Fully Automated Myocardial Strain Estimation from CMR Tagged Images
using a Deep Learning Framework in the UK Biobank
- URL: http://arxiv.org/abs/2004.07064v1
- Date: Wed, 15 Apr 2020 12:49:15 GMT
- Title: Fully Automated Myocardial Strain Estimation from CMR Tagged Images
using a Deep Learning Framework in the UK Biobank
- Authors: Edward Ferdian, Avan Suinesiaputra, Kenneth Fung, Nay Aung, Elena
Lukaschuk, Ahmet Barutcu, Edd Maclean, Jose Paiva, Stefan K. Piechnik, Stefan
Neubauer, Steffen E Petersen, and Alistair A. Young
- Abstract summary: The aim of this study is to demonstrate the feasibility and performance of a fully automated deep learning framework to estimate myocardial strain from short-axis cardiac magnetic resonance tagged images.
The framework reproduced significant reductions in circumferential strain in diabetics, hypertensives, and participants with previous heart attack.

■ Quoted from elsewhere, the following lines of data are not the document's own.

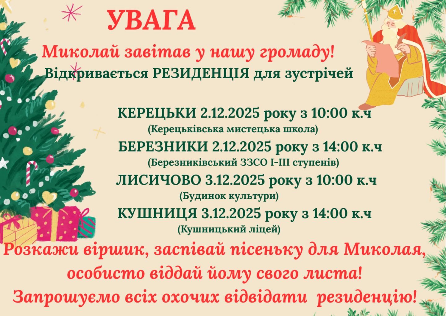 Стали відомі локації Резиденцій Святого Миколая у Керецьківській громаді
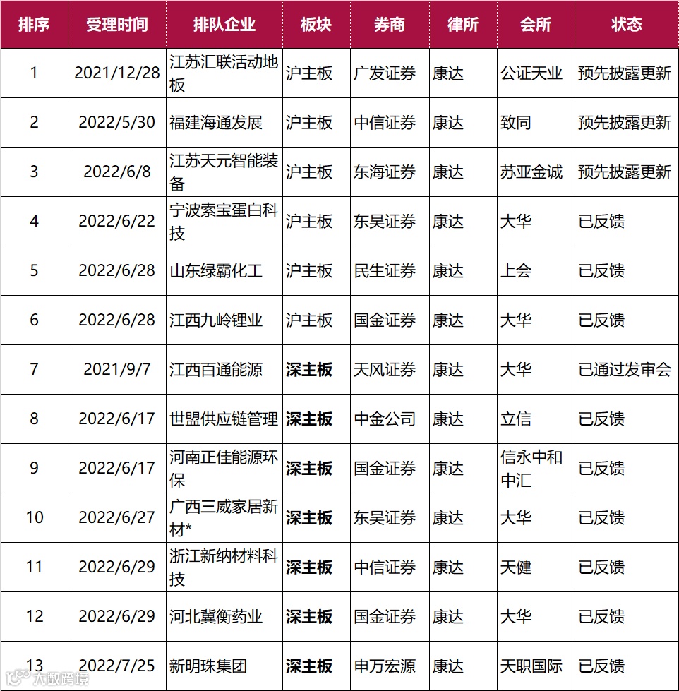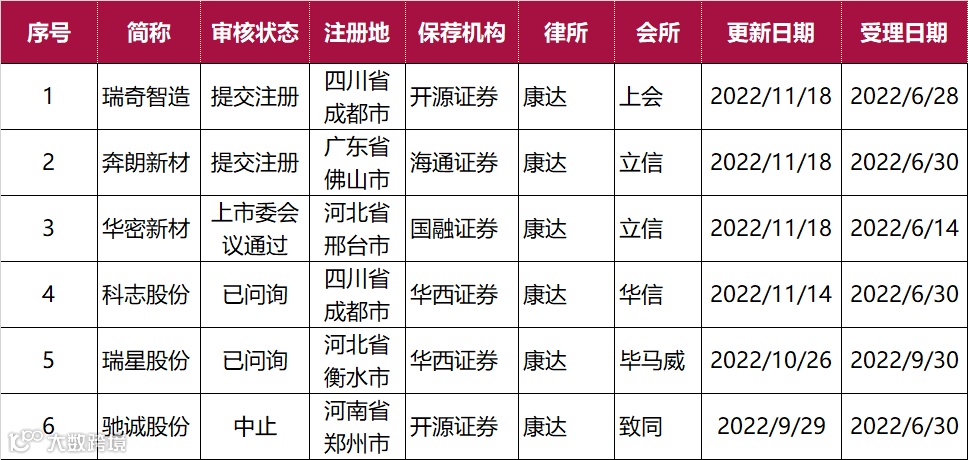 截止2022年11月19日康达共有44个IPO项目在排队,北交所6家、沪主板共6家、深主板7家、创业板18家、科创板7家。
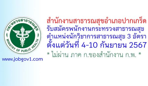 สำนักงานสาธารณสุขอำเภอปากเกร็ด รับสมัครพนักงานกระทรวงสาธารณสุขทั่วไป ตำแหน่งนักวิชาการสาธารณสุข 3 อัตรา ตั้งแต่วันที่ 4-10 กันยายน 2567
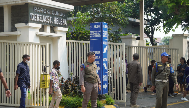 TANGERANG - Satuan Polisi Pamong Praja (Satpol PP) Kabupaten Tangerang, mengamankan Peribadatan Persatuan Oikumene Umat ...
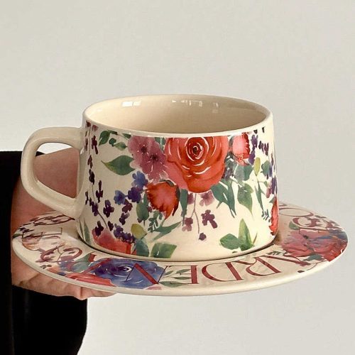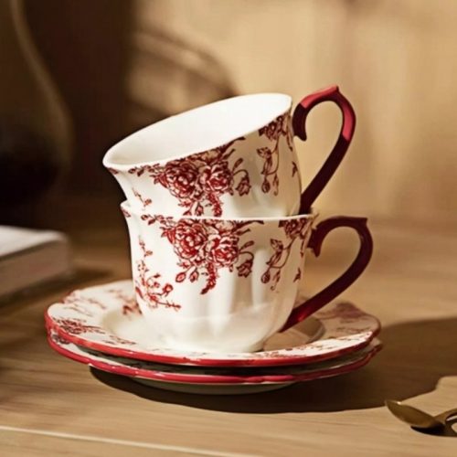 Classic Vintage Ceramic Hand-painted Red Rose Pattern Mug Tea Cup and Saucer
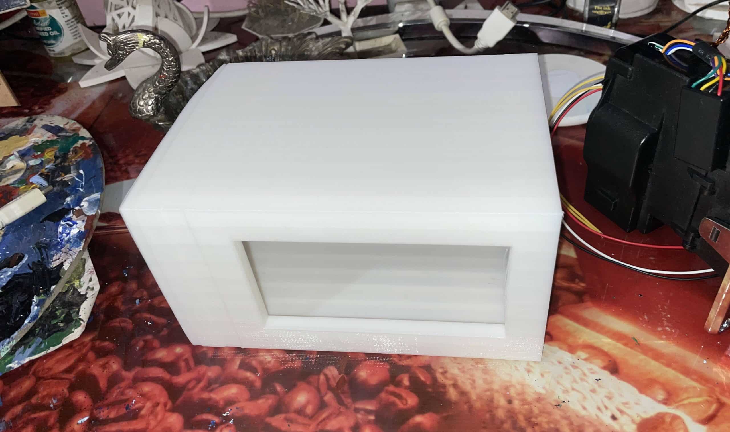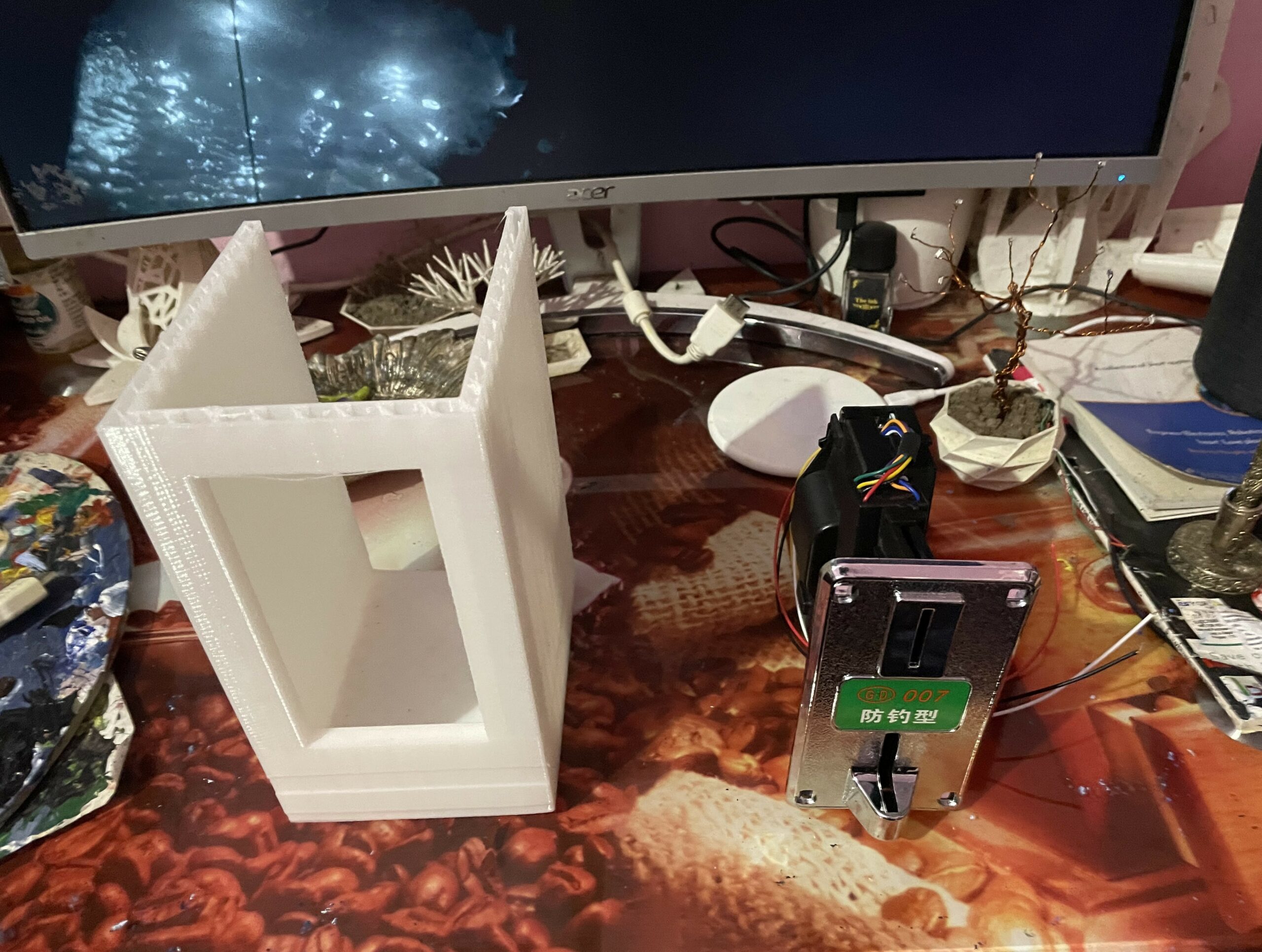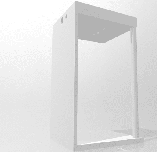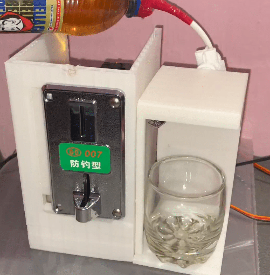You can 3D print or order from any online 3D printing service to have a vending machine as per your design preferences. Here, the vending machine has been designed in two parts: one for accepting the coin and another for offering the liquid. There are two holes at the side for passing the pipe and TOF sensor wires (to check the level of water poured into the drinking glass).
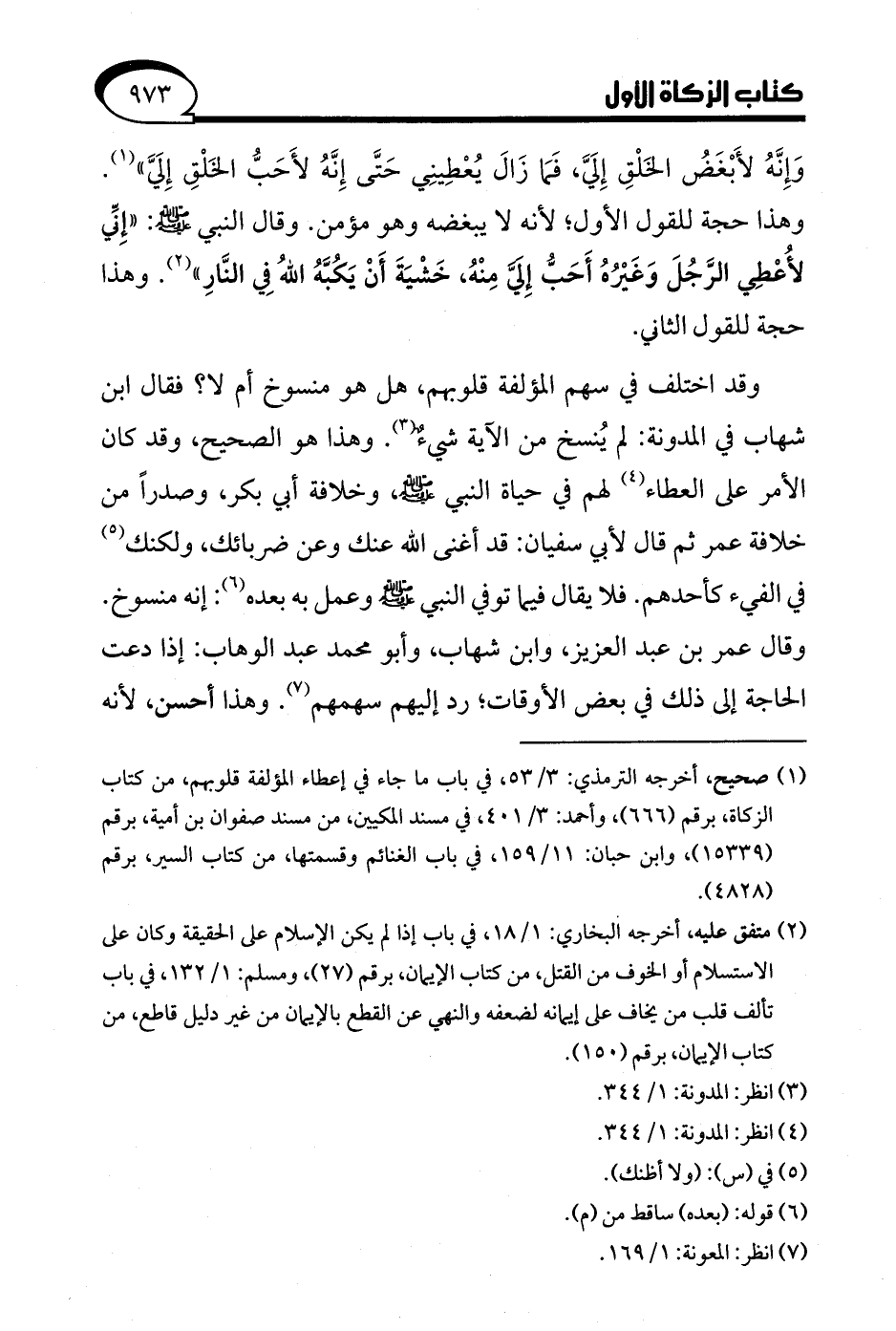 وقد اختلف في سهم المؤلفة قلوبهم، هل هو منسوخ أم لا؟ فقال ابن شهاب في المدونة: لم يُنسخ من الآية شيءٌ (¬3). وهذا هو الصحيح، وقد كان الأمر على العطاء (¬4) لهم في حياة النبي - صلى الله عليه وسلم -، وخلافة أبي بكر، وصدرًا من خلافة عمر ثم قال لأبي سفيان: قد أغنى الله عنك وعن ضربائك، ولكنك (¬5) في الفيء كأحدهم. فلا يقال فيما توفي النبي - صلى الله عليه وسلم - وعمل به بعده (¬6): إنه منسوخ. وقال عمر بن عبد العزيز، وابن شهاب، وأبو محمد عبد الوهاب: إذا دعت الحاجة إلى ذلك في بعض الأوقات؛ رد إليهم سهمهم (¬7). وهذا أحسن؛ لأنه
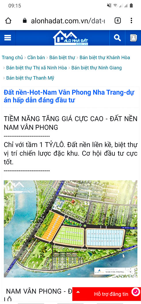 Ngày 2-11, trên trang https://alonhadat.com.vn đăng tải thông tin về dự án Khu đô thị mới Nam Vân Phong ở đường Thanh Mỹ, tổ dân phố Thanh Châu (phường Ninh Giang, thị xã Ninh Hòa), trong đó có rất nhiều lời chào mời hấp dẫn về giá cả, vị trí, cơ sở hạ tầng, tiện ích công cộng, giấy tờ pháp lý, hình thức thanh toán… Liên hệ với nhân viên tư vấn, chúng tôi được thông tin đây là dự án do thị xã triển khai và sàn giao dịch bất động sản (BĐS) có uy tín thực hiện phân phối nên khách hàng hoàn toàn yên tâm để đầu tư vào dự án này. Tuy nhiên, khi chúng tôi liên hệ ông Nguyễn Bá Thuận - Phó Chủ tịch UBND thị xã Ninh Hòa để xác minh thông tin thì được khẳng định trên địa bàn thị xã và phường Ninh Giang không có dự án này, chỉ có một diện tích đất tái định cư cho các hộ bị ảnh hưởng bởi dự án xây dựng trụ sở UBND phường Ninh Giang. “Đây không phải là trường hợp đầu tiên đưa thông tin về “dự án ma” trên địa bàn thị xã qua các trang thông tin điện tử. Người dân cần cảnh giác trước những thông tin trên”, ông Nguyễn Bá Thuận cảnh báo.

- Score: 0.33271859484894845
- License: http://creativecommons.org/licenses/by-nc-sa/4.0/
- Abstract: Purpose: To demonstrate the feasibility and performance of a fully automated
deep learning framework to estimate myocardial strain from short-axis cardiac
magnetic resonance tagged images. Methods and Materials: In this retrospective
cross-sectional study, 4508 cases from the UK Biobank were split randomly into
3244 training and 812 validation cases, and 452 test cases. Ground truth
myocardial landmarks were defined and tracked by manual initialization and
correction of deformable image registration using previously validated software
with five readers. The fully automatic framework consisted of 1) a
convolutional neural network (CNN) for localization, and 2) a combination of a
recurrent neural network (RNN) and a CNN to detect and track the myocardial
landmarks through the image sequence for each slice. Radial and circumferential
strain were then calculated from the motion of the landmarks and averaged on a
slice basis. Results: Within the test set, myocardial end-systolic
circumferential Green strain errors were -0.001 +/- 0.025, -0.001 +/- 0.021,
and 0.004 +/- 0.035 in basal, mid, and apical slices respectively (mean +/-
std. dev. of differences between predicted and manual strain). The framework
reproduced significant reductions in circumferential strain in diabetics,
hypertensives, and participants with previous heart attack. Typical processing
time was ~260 frames (~13 slices) per second on an NVIDIA Tesla K40 with 12GB
RAM, compared with 6-8 minutes per slice for the manual analysis. Conclusions:
The fully automated RNNCNN framework for analysis of myocardial strain enabled
unbiased strain evaluation in a high-throughput workflow, with similar ability
to distinguish impairment due to diabetes, hypertension, and previous heart
attack.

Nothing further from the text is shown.